Editor in Chief: Moh. Reza Huwaida Thursday, March 28th, 2024

Ground Forces can Only Wipe Out Islamic State

|

Ground Forces can Only  Wipe Out Islamic State

Islamic State again has proved its striking capability beyond Iraq and. Recently the so-called soldiers of the caliphate appear to have demonstrated a chilling reach, with terrorist attacks against Russia, Lebanon and France. The seemingly synchronized assaults that turned Paris into a war zone came just days after a bombing targeted Beirut district controlled by Iran’s ally, Hezbollah, and a Russian passenger jet was downed over Egypt’s Sinai Peninsula.

The rapid succession of strikes, all claimed by the Islamic State, suggested that the regional war is taking the shape of a global nature. The skill and determination of IS leaders and fighters, organizational size and its demonstrated lethality distinguish it from other terrorist groups. So the potential global threat poses by the Islamic State will be different and very high in magnitude than once posed by al-Qaeda. But one biggest irony is that still after the air campaign launched by the world super powers against Islamic State it is still deadlier to carry out attacks far from its strongholds in Middle-East.

Despite thousands of U.S. airstrikes in Iraq and Syria that are reported to have killed about 10,000 Islamic State fighters, the group continues to replenish its forces. Intelligence analysts have estimated that almost 30,000 foreign militants from more than 100 countries have entered Iraq and Syria since 2011, with the Islamic State gaining about 1,000 fighters a month.

A very important component is missing in all this anti IS strategy which is absence of any effective ground forces against Islamic State. No amount of airstrikes can ever fully obliterated the hated Islamist fanatics because even the very extensive air campaigns will still leave enough residual force, leadership, and safe-haven, to allow ISIS to reconstitute and reorganise itself.  American forces have been bombing Islamic State targets for more than a year without significant progress. Now joined in those efforts by Russia as well but have thus far been unable to seriously degrade the capability of those violent fanatics. It was argued that US air campaign aimed at “Containing” IS and to stop its expansion. But a strategy that only disrupts or contain without defeating or destroying ISIS has no prospect for a successful outcome.

ISIS is a serious enemy with significant skill as light infantry. Aerial bombing is a conventional modern counter-state strategy. It is the least efficient and least decisive strategy, even more so against the Islamic State in 2015 than against Germany in 1945.  The Islamic State is not dependent on heavy industry or urban infrastructure which if targeted by the bombing will affect its fighting capabilities.

Air strikes alone are indecisive without a ground campaign to flush the terrorists/insurgents out of their hiding places and to contain them for separation from ordinary civilians. There is a need of an integrated strategy, including an air campaign and commitment of ground troops. Its being long argued that local militias or groups which opposes IS can be used on ground against Islamic State. But it’s a hard fact that no group has a strength to take on IS in direct confrontation.

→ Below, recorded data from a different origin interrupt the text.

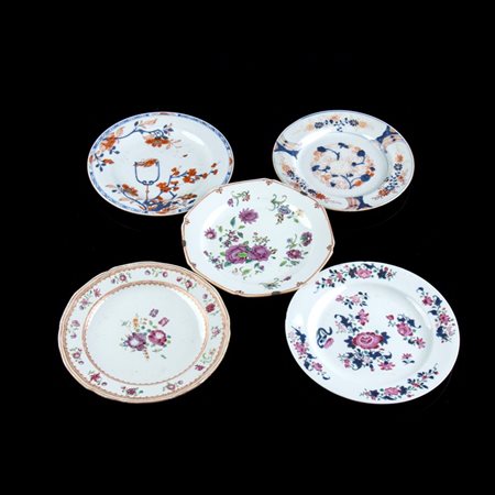 Lotto 25 | CINQUE PIATTI IN PORCELLANA CON DECORO A SMALTI POLICROMI
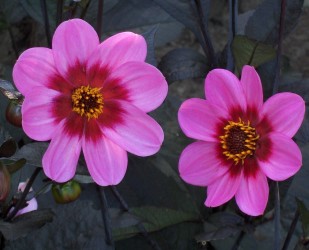 "Terug naar de oorsprong…" maar dan iets beter! Zo zou deze serie "Happy Single" kunnen worden getypeerd: alle variëteiten zijn donkerbladig, dat geeft al de garantie dat de bloemkleur extra goed uitkomt. De bloemen zijn enkelbloemig en komen in overvloedige hoeveelheid! 'Wink' is roze met een paars centrum.
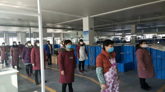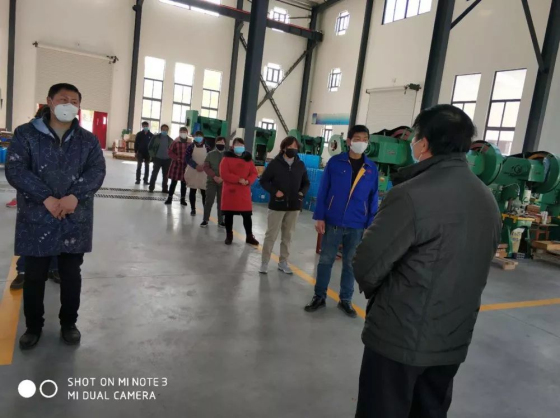 2月20日上午,在鎮防疫工作駐廠(chǎng)員的指導監督下,疫情防控領(lǐng)導小組成員根據成員的分工,分批、有序地對每位進(jìn)廠(chǎng)員工進(jìn)行消毒、體溫檢測、派發(fā)口罩等物資,董事長(cháng)及鎮防疫工作駐廠(chǎng)員對部門(mén)負責人以及車(chē)間主任宣傳防疫知識,并要求傳達給每一位員工,做到戴口罩、勤洗手、多通風(fēng)。
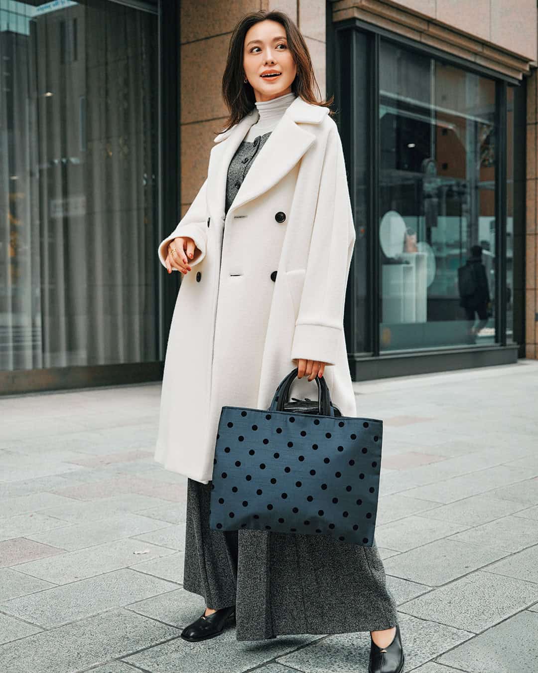 トートバッグ¥14,410(ビビスール)コート¥69,300(ティッカ)ジレジャケット¥19,800パンツ¥24,200(ともにアルページュストーリー/アルページュストーリー プレスルーム)パンプス¥19,800(ル タロン グリーズ/ル タロングリーズ ルミネ新宿店)ピアス¥28,600(プラウ)リング¥13, 200(ワンエーアールバイウノアエレ/ウノアエレ ジャパン)
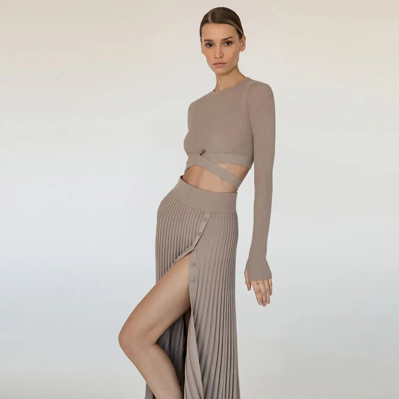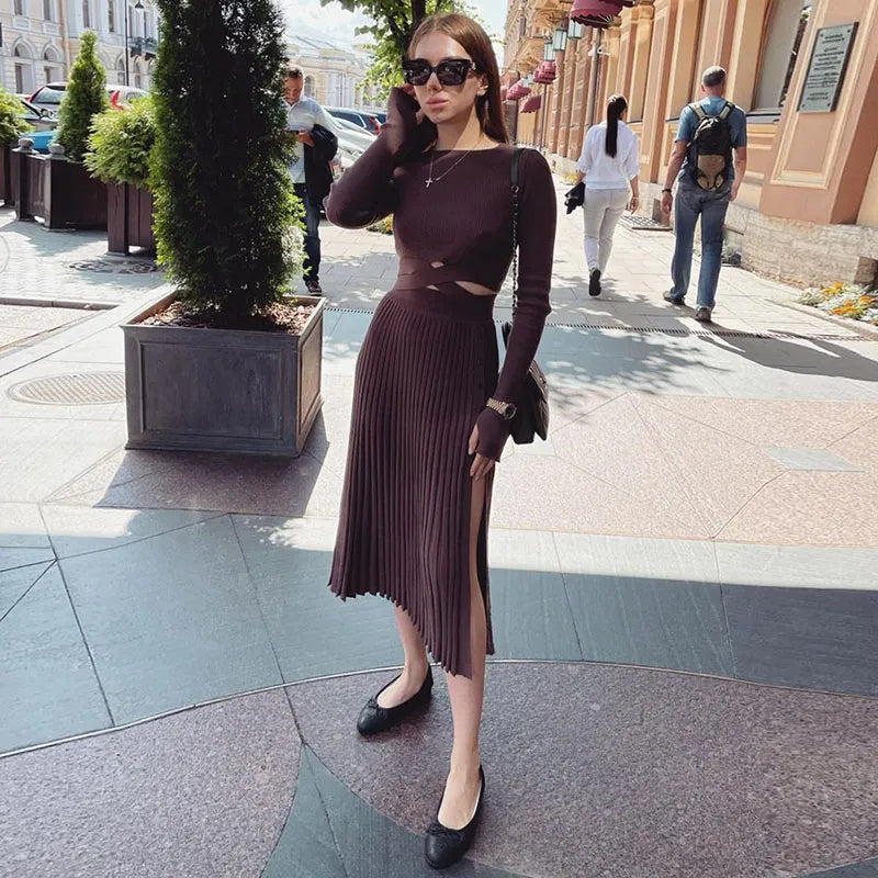 Knitted Sweater Halterneck Set Sexy Straps Slim Bodycon Top 2022 New Solid Colour High Elastic Round Neck Sweater Pullovers

Even the Kurdish militia’s like- PKK and YPG which got battlefield success against Islamic State in limited arena are unwilling to battle IS on large scale and on multiple fronts. Kurdish militia’s has a uni-focal approach to safeguard their strongholds from IS and consolidate their positions.

To defeat the Islamic State and contain ISIS fighters, the ground campaign would need to be led by first-tier Western armies, would need to be of a scale equivalent to the invasion of Iraq in 2003, and would need the cooperation of Iraq and Syria neighbours, so that Iraq’s and Syria’s borders can be closed, otherwise ISIS fighters would escape to other states.

This cooperation would need to include not just Western “allies” Kurds and Turkey, but at least tacit cooperation from Western “enemies” Syria, Iran and Russia. Without a Western-led invasion, ISIS will dominate its current territory indefinitely, in yet another lingering civil war, in yet another failed states, with yet more contagion to other states.

Consolidating its territory over years if not decades and will use this consolidated territory as a launch pad for attacking Western interest all across the region and even on global scale.